PLANS to transfer the management of Reading and Bristol Temple Meads stations from First Great Western to Network Rail are being developed, but no decisions have yet been made.
Network Rail has moved to deny reports that the deal is already done, but even so it has taken over the letting of retail units at Reading, which is being modernised and enlarged by the addition of five more platforms. The company is letting the space because it says there is an 'aspiration' at the Department for Transport for both Reading and Bristol Temple Meads to become Network Rail-managed stations from next April.
A major overbridge with room for retail space was opened at Reading earlier this year as one phase of the station's development was completed, and all the signs at the modernised station already follow the standard Network Rail style.
Network Rail said that Hotel Chocolat, Boots, The Cornish Pasty Co, Upper Crust, Cards Galore and Oliver Bonas 'are all primed to start work on units in the newly constructed part of the station'. The new retailers will join a small Starbucks unit which has been on the overbridge since it opened in April this year.
Hamish Kiernan, Network Rail’s interim commercial director, said: "Reading station is bigger and better than ever, but we know passengers want more retail choices in the new part of the station.
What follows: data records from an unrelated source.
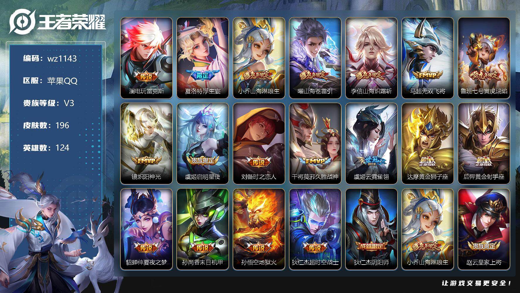 【云游堂】 【可二次实名】【wz1143】【商品标题】:苹果Q-V3-至尊星耀V段位-124英雄-196皮肤-0典藏-0珍品无双-0无双-0珍品传说-18传说-48史诗 【传说皮肤】:澜电玩雷克斯,夏洛特浮生妄,小乔山海琳琅生,曜山海苍雷引,李信山海炽霜斩,马超无双飞将,鲁班七号寅虎瑞焰,镜炽阳神光,虞姬启明星使,刘备时之恋人,干将莫邪久胜战神,虞姬云霓雀翎,达摩黄金狮子座,后羿黄金射手座,貂蝉仲夏夜之梦,孙尚香末日机甲,孙悟空地狱火,狄仁杰超时空战士 【限定皮肤】:狄仁杰阴阳师,小乔山海琳琅生,赵云皇家上将,嬴政优雅恋人,鲁班七号狮舞东方,鲁班七号寅虎瑞焰,阿轲迷踪丽影,周瑜赤莲之焰,元歌云间偶戏,元歌无心,夏侯惇朔风刀,马可波罗暗影游猎,马可波罗山海玄木吟,狄仁杰魔术师,狄仁杰万华元夜,达摩沙漠行僧,项羽海滩派对,老夫子醍醐杖,程咬金演武夺筹,刘邦夺宝奇兵,兰陵王驯魔猎人,兰陵王金庭之子,亚瑟潮玩骑士王,牛魔御旌,李元芳云中旅人,虞姬启明星使,钟馗神迹守卫,钟馗驱傩正仪,干将莫邪冰霜恋舞曲,干将莫邪胡桃夹子,雅典娜单词大作战,鬼谷子原初探秘者,鬼谷子五谷丰年,苏烈千军破阵,百里玄策原初追逐者,弈星混沌棋,梦奇顽趣,沈梦溪大漠名商,沈梦溪匿光破解者,明世隐疑决卦,裴擒虎李小龙,裴擒虎擒涛扼浪,瑶山海碧波行,李信山海炽霜斩,盾山御銮,猪八戒西部大镖客,上官婉儿梁祝,嫦娥暖冬兔眠,曜山海苍雷引,蒙犽狂想玩偶喵,鲁班大师探海日志,桑启海盐诗旅,夏洛特浮生妄,暃星界游侠,张良古海寻踪,蒙恬荣光圣徽,鬼谷子天穹祈灯,沈梦溪龙舞盛年,周瑜熔金海岸 【年限皮肤】:鲁班七号寅虎瑞焰,瑶山海碧波行,马可波罗山海玄木吟,李信山海炽霜斩,小乔山海琳琅生,曜山海苍雷引 【赛季限定】:夏侯惇朔风刀,狄仁杰万华元夜,达摩沙漠行僧,老夫子醍醐杖,程咬金演武夺筹,兰陵王金庭之子,张良古海寻踪,牛魔御旌,李元芳云中旅人,钟馗驱傩正仪,鬼谷子原初探秘者,苏烈千军破阵,百里玄策原初追逐者,弈星混沌棋,梦奇顽趣,沈梦溪大漠名商,明世隐疑决卦,裴擒虎擒涛扼浪,盾山御銮,鲁班大师探海日志,桑启海盐诗旅,鬼谷子天穹祈灯,蒙恬荣光圣徽 【战令限定】:鲁班七号狮舞东方,阿轲迷踪丽影,周瑜赤莲之焰,元歌云间偶戏,马可波罗暗影游猎,刘邦夺宝奇兵,兰陵王驯魔猎人,亚瑟潮玩骑士王,钟馗神迹守卫,雅典娜单词大作战,猪八戒西部大镖客,嫦娥暖冬兔眠,蒙犽狂想玩偶喵,暃星界游侠 【史诗皮肤】:鲁班七号电玩小子,赵云皇家上将,甄姬冰雪圆舞曲,王昭君偶像歌手,狄仁杰魔术师,宫本武藏鬼剑武藏,孙尚香水果甜心,嬴政优雅恋人,嬴政暗夜贵公子,嬴政摇滚巨星,妲己魅力维加斯,墨子金属风暴,吕布圣诞狂欢,李白千年之狐,张飞乱世虎臣,花木兰水晶猎龙者,兰陵王暗隐猎兽者,雅典娜冰冠公主,安琪拉心灵骇客,百里守约特工魅影,程咬金功夫厨神,阿轲节奏热浪,干将莫邪冰霜恋舞曲,鲁班七号狮舞东方,狄仁杰鹰眼统帅,公孙离无限星赏官,兰陵王驯魔猎人,上官婉儿梁祝,不知火舞魅语,阿轲迷踪丽影,橘右京修罗,马可波罗暗影游猎,蒙犽狂想玩偶喵,百里玄策原初追逐者,裴擒虎李小龙,元歌云间偶戏,澜赏金猎手,鬼谷子五谷丰年,元歌无心,梦奇顽趣,暃星界游侠,马可波罗山海玄木吟,瑶山海碧波行,镜玫瑰异探,沈梦溪匿光破解者,蒙恬荣光圣徽,后羿石田雨龙,黄忠百相守梦 【其他皮肤】:项羽海滩派对,韩信教廷特使,韩信街头霸王,达摩大发明家,赵云忍炎影,白起白色死神,牛魔西部大镖客,扁鹊化身博士,扁鹊救世之瞳,安琪拉玩偶对对碰,孙膑天使之翼,妲己少女阿狸,典韦黄金武士,亚瑟死亡骑士,达摩拳王,花木兰兔女郎,甄姬花好人间,刘备万事如意,宫本武藏万象初新,后羿阿尔法小队,狄仁杰阴阳师,刘备汉昭烈帝,关羽龙腾万里,王昭君幻想奇妙夜,狂铁命运角斗场,老夫子功夫老勺,孙尚香沉稳之力,诸葛亮掌控之力,李白敏锐之力,鬼谷子幻乐之宴,苏烈坚韧之力,大乔守护之力,牛魔御旌,小乔丁香结,吕布野性能量,钟馗神迹守卫,盾山御銮,孙膑归虚梦演,沈梦溪鲨炮海盗猫,姜子牙炽热元素使,夏侯惇朔风刀,周瑜赤莲之焰,弈星混沌棋,哪吒次元突破,明世隐疑决卦,刘邦夺宝奇兵,盾山圆桌骑士,老夫子醍醐杖,猪八戒西部大镖客,廉颇无尽征程,鬼谷子原初探秘者,雅典娜单词大作战,狄仁杰万华元夜,亚瑟潮玩骑士王,刘禅秘密基地,程咬金演武夺筹,张良缤纷绘卷,钟馗驱傩正仪,鲁班大师乓乓大师,苏烈千军破阵,干将莫邪胡桃夹子,达摩沙漠行僧,程咬金无双福将,兰陵王金庭之子,刘禅唤灵魔甲,沈梦溪大漠名商,蒙恬蔚蓝守将,李元芳云中旅人,戈娅危途狂花,桑启海盐诗旅,嫦娥暖冬兔眠,猪八戒潮玩探月行,牛魔牛运亨通,裴擒虎擒涛扼浪,太乙真人劲辣红锅,鲁班大师探海日志,张良古海寻踪,后羿完美运算,鬼谷子天穹祈灯,沈梦溪龙舞盛年,周瑜熔金海岸,东皇太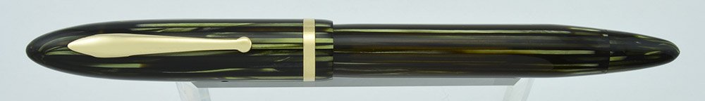 Color Green and clear striated with gold-fill trim. See-through barrel to visual ink level.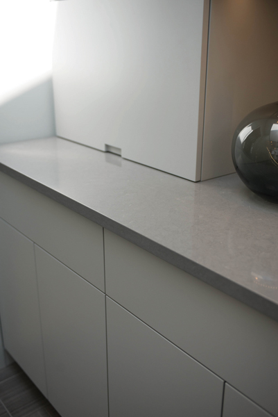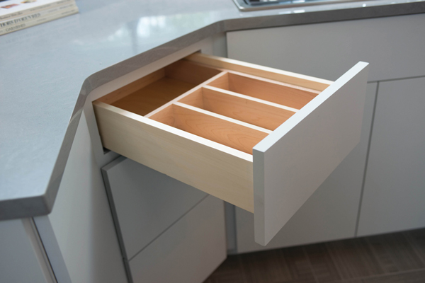 The touch-latch cabinetry is very much on trend and was highly visible at January’s Kitchen & Bath Industry Show (KBIS) that was held in Orlando. Some refer to the style as handless cabinetry, since it allows you to merely bump a cabinet or drawer and it automatically opens. They close just as easily. “All the cabinets in this kitchen are custom,” David points out. “The style gives you a really clean, minimalist look, especially since hardware isn’t involved.”

We are pleased to be able to announce that the new stores will be ready to welcome customers from April 2014."
Retail sales in Network Rail stations have continued to defy trends in the high street. The company said in September there was 6.4 per cent growth in like-for-like sales from April to June 2013, while high street sales for the same period were just 0.4 per cent.
The work at Reading should be complete by 2015, when a 2km flyover will be opened west of the station to reduce conflicting movements on the Great Western Main Line.
Network Rail inherited the management of a number of major stations from Railtrack in 2001-2. Stations like London Euston, Leeds, Manchester Piccadilly and Glasgow Central were never managed by franchises because at privatisation it was envisaged that stations like these would be sold and become independent, like airports. However, the plans for the creation of 'independent station operators' were later dropped.